# Whats happening with my engine!



## stacye41077 (Mar 2, 2005)

Suddenly my 95 altima doesn't have any power in 5th gear (its an automatic). All the other gears seem to pick up fine, but going 60 mph seems fine but when going up hill it seems to lose power and only going about 40 by the time I get to the top...transmission? Or something else?
Thanks!


----------



## LONDONDERRY (May 19, 2004)

stacye41077 said:


> Suddenly my 95 altima doesn't have any power in 5th gear (its an automatic). All the other gears seem to pick up fine, but going 60 mph seems fine but when going up hill it seems to lose power and only going about 40 by the time I get to the top...transmission? Or something else?
> Thanks!



When was the last time the car was tuned, esp. the fule filter?

Frank


----------



## stacye41077 (Mar 2, 2005)

LONDONDERRY said:


> When was the last time the car was tuned, esp. the fule filter?
> 
> Frank


I don't know...could that be causing my issue? I'd rather replace the fuel filter than the transmission. Can I do that myself?


----------



## LONDONDERRY (May 19, 2004)

Is your car a standard or an automatic? You mentioned 5th gear, so does this mean you have a standard?


----------



## KA24Tech (Feb 2, 2004)

I agree with LondonBerry, it sounds like it may be time for a tune up consisting of NGK plugs a new Nissan cap and rotor, air filter and fuel filter as well as changing the trans fluid, engine oil and coolant.
By the way, the autos are only a 4 speed - the manuals are a 5 speed.

Troy


----------



## LONDONDERRY (May 19, 2004)

KA24Tech said:


> I agree with LondonBerry, it sounds like it may be time for a tune up consisting of NGK plugs a new Nissan cap and rotor, air filter and fuel filter as well as changing the trans fluid, engine oil and coolant.
> By the way, the autos are only a 4 speed - the manuals are a 5 speed.
> 
> Troy



LondonBerry???
Hmm should I change my name?


----------



## KA24Tech (Feb 2, 2004)

I'm sorry I meant Londonderry... My mind has been a little loose trying to solve problems and my pointer on the laptop was jumping around with the "snap to" function so I had to turn it off because it was going to points and I had to retype or correct where the text was going because I am always multi-tasking with a half dozen windows open. Sorry...
It was almost like a homologation of Burberry of London or something, huh?

Troy


----------



## khatrisa (Aug 23, 2004)

how do you get rid of that "snap to" function. My laptop does that all the time.


----------



## SlowB14 (Sep 20, 2004)

khatrisa said:


> how do you get rid of that "snap to" function. My laptop does that all the time.

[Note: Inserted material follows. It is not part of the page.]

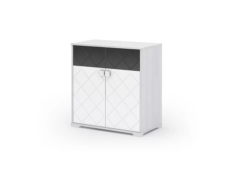 Комод КМ 021 входит в модульный ряд спальни Сальма. Комод Сальма современный и оригинальный, благодаря необычным фасадам, выполненным в декоре Белый глянец с графическим узором линейки и вставкой из стекла черного цвета-лакобель. Комод КМ 021 состоит из 2-х открывающихся дверок и нескольких полочек внутри.

I think you're losing power in 5th because you don't have a fifth gear. If you mean 4th, you don't have any power (torque rather) in that gear because it's extremely tall. Its the final "gas milage" gear.


----------



## KA24Tech (Feb 2, 2004)

Did you ever get your power problem fixed stacye41077?



khatrisa said:


> how do you get rid of that "snap to" function. My laptop does that all the time.


In XP go to Control Panel and click on pointers you will see the box for the "Snap To" function. I have found a similar issue with the optical mouse on my desktop with it jumping around.

Troy


----------